Data supplied:
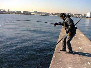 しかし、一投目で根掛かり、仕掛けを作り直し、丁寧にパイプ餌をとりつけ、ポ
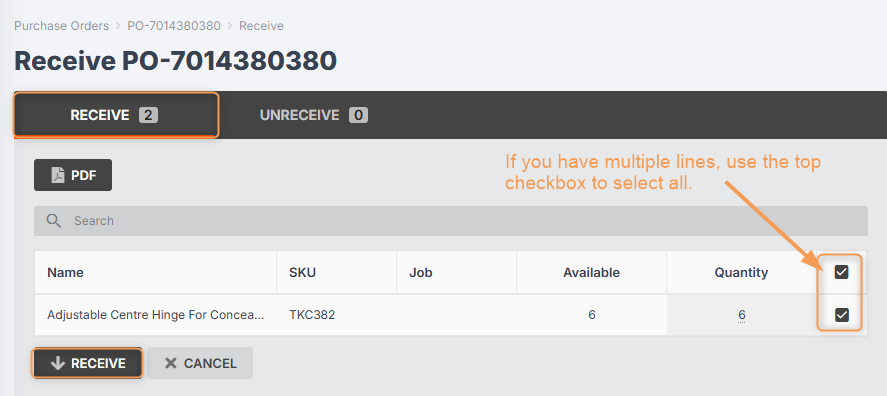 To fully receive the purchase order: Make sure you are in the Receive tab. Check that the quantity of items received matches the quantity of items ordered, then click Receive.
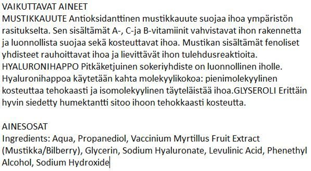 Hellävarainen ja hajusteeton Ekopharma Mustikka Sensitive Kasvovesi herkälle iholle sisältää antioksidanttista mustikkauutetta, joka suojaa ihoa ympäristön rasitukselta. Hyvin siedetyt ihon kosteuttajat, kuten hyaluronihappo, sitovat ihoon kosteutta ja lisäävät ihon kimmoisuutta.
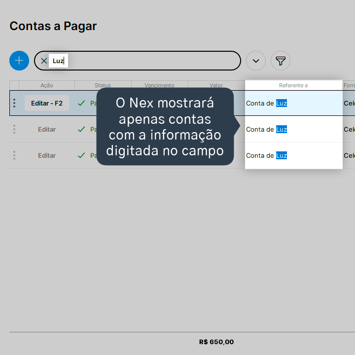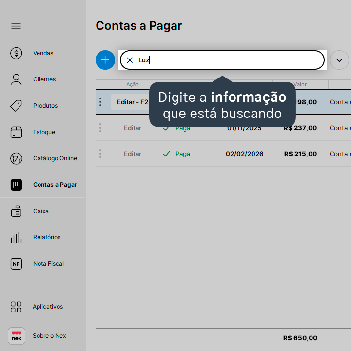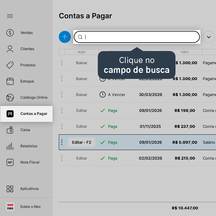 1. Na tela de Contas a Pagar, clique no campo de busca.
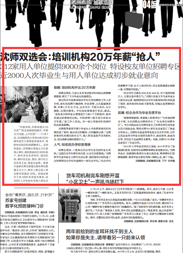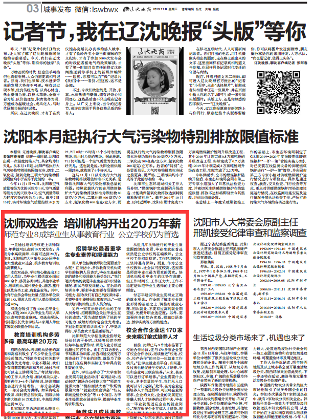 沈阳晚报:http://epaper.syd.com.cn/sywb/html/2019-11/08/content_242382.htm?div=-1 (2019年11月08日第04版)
* * *
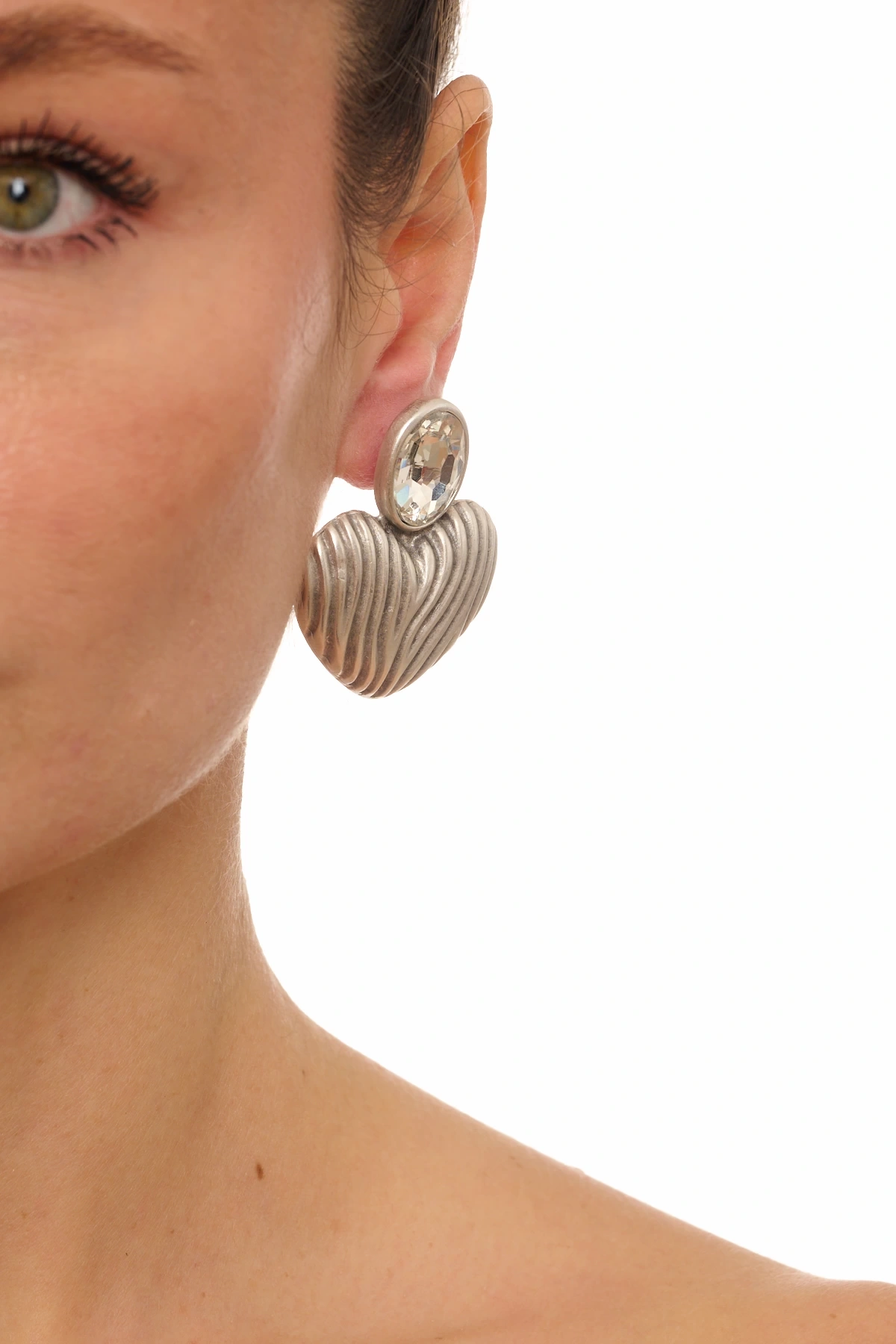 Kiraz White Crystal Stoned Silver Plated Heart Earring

Aim of the task:
The result should be an exact copy of only the lines above from the one that holds "To fully receive" through the one that holds "沈阳晚报:http://ep", both ends included, without pictures.

Expected output:
 To fully receive the purchase order: Make sure you are in the Receive tab. Check that the quantity of items received matches the quantity of items ordered, then click Receive.
 Hellävarainen ja hajusteeton Ekopharma Mustikka Sensitive Kasvovesi herkälle iholle sisältää antioksidanttista mustikkauutetta, joka suojaa ihoa ympäristön rasitukselta. Hyvin siedetyt ihon kosteuttajat, kuten hyaluronihappo, sitovat ihoon kosteutta ja lisäävät ihon kimmoisuutta.
 1. Na tela de Contas a Pagar, clique no campo de busca.
 沈阳晚报:http://epaper.syd.com.cn/sywb/html/2019-11/08/content_242382.htm?div=-1 (2019年11月08日第04版)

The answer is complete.